= EXERCISE REQUIREMENTS =
Exactly as written, transcribe the lines that run from the one containing "ઓફબીટ:- શિસ્ત પ્રમાણે બેઠેલ વાનર" to the end of the records below.

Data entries
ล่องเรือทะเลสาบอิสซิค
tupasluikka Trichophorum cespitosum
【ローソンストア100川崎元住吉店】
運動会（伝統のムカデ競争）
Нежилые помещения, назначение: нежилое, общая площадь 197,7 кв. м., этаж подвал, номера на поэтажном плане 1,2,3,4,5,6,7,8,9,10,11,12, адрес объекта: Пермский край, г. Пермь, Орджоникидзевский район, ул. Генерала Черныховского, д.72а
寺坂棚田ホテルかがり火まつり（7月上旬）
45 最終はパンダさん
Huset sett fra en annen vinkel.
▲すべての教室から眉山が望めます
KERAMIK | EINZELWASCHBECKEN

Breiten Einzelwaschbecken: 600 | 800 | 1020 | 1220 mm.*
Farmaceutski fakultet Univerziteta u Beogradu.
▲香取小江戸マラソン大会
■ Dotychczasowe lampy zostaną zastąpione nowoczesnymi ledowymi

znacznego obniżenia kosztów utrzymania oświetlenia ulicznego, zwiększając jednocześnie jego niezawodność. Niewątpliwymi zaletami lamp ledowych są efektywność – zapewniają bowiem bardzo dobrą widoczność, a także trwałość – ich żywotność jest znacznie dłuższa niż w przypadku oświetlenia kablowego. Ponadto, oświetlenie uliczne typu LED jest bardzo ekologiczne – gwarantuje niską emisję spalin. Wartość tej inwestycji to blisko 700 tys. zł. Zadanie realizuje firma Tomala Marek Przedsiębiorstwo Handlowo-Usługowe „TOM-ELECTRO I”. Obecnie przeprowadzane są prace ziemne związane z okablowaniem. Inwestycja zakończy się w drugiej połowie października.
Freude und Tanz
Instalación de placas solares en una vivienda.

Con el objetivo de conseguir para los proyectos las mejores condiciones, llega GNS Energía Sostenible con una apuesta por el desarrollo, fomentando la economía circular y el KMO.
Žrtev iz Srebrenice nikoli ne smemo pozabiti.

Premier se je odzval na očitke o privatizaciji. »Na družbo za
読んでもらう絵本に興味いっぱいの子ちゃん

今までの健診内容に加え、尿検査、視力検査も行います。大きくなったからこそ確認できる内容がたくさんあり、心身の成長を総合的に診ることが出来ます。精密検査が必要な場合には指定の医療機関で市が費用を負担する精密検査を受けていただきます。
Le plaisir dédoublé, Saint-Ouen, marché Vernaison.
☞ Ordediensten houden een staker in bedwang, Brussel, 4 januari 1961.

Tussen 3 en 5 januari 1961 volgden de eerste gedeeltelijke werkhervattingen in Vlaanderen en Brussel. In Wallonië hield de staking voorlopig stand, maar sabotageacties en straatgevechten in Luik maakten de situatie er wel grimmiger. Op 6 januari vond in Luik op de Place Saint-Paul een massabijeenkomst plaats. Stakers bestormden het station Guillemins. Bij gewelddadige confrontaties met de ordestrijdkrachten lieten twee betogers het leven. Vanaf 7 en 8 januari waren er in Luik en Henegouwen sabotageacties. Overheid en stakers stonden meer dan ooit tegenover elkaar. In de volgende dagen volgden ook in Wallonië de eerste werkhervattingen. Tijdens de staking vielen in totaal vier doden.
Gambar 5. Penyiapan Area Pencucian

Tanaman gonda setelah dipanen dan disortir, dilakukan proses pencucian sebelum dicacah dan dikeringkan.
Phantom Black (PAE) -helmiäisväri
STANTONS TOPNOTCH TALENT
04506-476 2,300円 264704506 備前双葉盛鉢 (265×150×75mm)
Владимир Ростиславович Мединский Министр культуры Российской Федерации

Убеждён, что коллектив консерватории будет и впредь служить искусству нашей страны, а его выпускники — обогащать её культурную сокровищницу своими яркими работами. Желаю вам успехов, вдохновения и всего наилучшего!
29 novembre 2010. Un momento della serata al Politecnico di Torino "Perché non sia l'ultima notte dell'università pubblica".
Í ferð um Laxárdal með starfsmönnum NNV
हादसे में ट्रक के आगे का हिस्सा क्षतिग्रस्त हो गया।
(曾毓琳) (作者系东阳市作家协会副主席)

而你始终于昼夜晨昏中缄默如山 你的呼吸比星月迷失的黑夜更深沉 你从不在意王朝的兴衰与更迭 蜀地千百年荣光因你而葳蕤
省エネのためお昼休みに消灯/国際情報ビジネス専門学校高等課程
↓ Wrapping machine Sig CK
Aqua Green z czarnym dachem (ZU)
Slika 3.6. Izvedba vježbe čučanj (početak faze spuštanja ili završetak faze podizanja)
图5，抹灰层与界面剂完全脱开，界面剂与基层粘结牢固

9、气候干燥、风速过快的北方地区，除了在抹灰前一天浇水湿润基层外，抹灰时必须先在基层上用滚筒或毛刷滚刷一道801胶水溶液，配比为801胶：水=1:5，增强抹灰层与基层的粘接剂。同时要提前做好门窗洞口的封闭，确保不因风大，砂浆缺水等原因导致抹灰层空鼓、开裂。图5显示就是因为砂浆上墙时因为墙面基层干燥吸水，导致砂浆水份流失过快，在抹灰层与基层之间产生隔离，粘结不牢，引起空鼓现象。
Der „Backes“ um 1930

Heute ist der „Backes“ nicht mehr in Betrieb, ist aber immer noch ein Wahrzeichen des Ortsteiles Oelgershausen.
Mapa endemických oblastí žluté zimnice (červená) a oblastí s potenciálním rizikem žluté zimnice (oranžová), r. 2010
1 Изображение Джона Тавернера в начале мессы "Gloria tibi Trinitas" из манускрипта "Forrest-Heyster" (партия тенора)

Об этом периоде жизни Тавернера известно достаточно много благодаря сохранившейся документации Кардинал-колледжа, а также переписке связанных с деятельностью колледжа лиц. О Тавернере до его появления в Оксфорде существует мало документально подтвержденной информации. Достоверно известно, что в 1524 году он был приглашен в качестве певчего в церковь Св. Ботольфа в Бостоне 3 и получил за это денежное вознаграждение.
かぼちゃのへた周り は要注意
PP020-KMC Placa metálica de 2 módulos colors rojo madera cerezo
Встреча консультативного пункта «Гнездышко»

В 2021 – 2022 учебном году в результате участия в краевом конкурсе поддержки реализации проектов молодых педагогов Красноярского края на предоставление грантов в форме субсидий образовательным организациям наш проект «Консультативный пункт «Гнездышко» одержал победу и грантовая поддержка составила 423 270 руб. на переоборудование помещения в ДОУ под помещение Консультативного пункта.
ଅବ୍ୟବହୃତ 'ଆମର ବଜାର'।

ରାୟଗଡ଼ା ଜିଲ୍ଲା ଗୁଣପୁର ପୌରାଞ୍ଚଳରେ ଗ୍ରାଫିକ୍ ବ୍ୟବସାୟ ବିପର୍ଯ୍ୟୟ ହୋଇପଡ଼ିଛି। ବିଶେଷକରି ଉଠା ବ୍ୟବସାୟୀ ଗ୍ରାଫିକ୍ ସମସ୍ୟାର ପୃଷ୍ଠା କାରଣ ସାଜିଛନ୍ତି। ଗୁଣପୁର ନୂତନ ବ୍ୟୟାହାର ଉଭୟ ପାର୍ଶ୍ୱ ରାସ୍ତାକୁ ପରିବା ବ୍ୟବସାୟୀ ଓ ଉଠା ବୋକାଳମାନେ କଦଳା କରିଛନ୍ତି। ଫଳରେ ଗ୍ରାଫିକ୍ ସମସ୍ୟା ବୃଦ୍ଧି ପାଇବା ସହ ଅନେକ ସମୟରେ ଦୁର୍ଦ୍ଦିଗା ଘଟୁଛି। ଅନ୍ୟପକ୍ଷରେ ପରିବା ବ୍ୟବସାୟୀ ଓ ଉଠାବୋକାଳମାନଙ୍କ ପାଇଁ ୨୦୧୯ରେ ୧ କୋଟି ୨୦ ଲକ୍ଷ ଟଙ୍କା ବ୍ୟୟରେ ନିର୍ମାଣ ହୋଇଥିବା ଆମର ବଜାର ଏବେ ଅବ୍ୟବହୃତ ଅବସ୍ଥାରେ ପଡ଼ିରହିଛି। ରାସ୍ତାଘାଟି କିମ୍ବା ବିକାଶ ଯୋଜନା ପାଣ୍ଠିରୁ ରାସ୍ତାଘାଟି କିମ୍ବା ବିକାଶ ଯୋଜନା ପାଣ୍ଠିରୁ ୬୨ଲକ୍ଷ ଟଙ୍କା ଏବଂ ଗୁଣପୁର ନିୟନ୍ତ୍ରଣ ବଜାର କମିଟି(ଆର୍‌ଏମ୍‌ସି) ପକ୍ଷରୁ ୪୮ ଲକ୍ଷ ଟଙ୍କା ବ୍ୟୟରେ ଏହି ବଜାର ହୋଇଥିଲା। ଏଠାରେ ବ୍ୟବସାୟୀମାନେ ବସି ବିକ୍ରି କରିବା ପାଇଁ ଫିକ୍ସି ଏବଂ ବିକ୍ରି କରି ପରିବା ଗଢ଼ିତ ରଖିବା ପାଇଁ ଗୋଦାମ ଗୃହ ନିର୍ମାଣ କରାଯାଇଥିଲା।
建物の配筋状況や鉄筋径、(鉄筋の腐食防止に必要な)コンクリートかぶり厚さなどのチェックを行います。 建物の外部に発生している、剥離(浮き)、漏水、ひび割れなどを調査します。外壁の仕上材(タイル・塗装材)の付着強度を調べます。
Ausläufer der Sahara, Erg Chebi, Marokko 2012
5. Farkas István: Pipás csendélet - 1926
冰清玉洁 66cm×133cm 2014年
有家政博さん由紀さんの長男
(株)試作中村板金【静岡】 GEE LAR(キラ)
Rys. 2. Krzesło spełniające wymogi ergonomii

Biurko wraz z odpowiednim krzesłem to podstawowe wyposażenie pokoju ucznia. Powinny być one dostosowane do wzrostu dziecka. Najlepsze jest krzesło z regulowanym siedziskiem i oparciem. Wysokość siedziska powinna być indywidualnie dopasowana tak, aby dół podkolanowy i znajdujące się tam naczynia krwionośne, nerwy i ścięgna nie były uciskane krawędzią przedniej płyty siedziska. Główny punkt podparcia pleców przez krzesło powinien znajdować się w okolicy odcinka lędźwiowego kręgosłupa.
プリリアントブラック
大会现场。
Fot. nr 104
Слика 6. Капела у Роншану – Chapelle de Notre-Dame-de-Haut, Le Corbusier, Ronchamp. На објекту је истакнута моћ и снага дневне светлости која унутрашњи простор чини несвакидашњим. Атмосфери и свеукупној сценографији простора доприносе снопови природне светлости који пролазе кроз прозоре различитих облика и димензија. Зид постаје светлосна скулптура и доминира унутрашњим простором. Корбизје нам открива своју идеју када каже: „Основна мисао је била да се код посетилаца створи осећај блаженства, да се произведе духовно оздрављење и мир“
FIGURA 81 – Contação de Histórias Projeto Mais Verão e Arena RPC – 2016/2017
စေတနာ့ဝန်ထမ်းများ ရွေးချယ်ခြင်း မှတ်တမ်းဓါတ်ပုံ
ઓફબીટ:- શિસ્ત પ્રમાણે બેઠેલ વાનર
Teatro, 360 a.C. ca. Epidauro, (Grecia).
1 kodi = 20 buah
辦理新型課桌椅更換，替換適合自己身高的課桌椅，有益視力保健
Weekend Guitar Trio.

= ANSWER FOR THIS EXERCISE =
ઓફબીટ:- શિસ્ત પ્રમાણે બેઠેલ વાનર
Teatro, 360 a.C. ca. Epidauro, (Grecia).
1 kodi = 20 buah
辦理新型課桌椅更換，替換適合自己身高的課桌椅，有益視力保健
Weekend Guitar Trio.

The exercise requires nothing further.